RE: where to submit the predictions
We will open the site on September 15. (May be earlier, if we can test everything before that.) We'll let you know. Gustavo
more questions on in silico networks
I have two related questions about the in-silico networks challenge. 1) Are there any external regulatory inputs in these networks, or can we assume that each network is self-contained? 2) What is the nature of the perturbations in the trajectory datasets? The data description says that the 50 gene networks were designed to have the same set of perturbations as in DREAM2. Were those perturbations revealed after DREAM2? From what I can tell, the main difference between trajectories is the initial concentration of all the genes in the network. Thanks..

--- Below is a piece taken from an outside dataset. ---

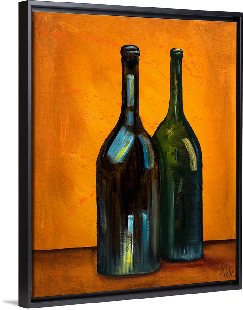 <p>Contemporary painting of two wine bottles on an orange background with a little bit of orange paint splatter.</p>

RE: more questions on in silico networks
1) There are no external inputs, the networks are self-contained. 2) The time series data shows how the networks recover from external perturbations. Trajectories were simulated by integrating the networks from a different randomly perturbed initial condition for every time series (only the initial conditions change, we assumed the network structure and parameters remain constant). Good luck! ;)
in silico networks: Ecoli heterozygous?
Am I crazy, or does it make no sense to have heterozygous data for the in silico Ecoli networks? Bacteria are haploid! or at best partial diploids, sometimes.. so what are those datasets doing in challenge 4?
RE: in silico networks: Ecoli heterozygous?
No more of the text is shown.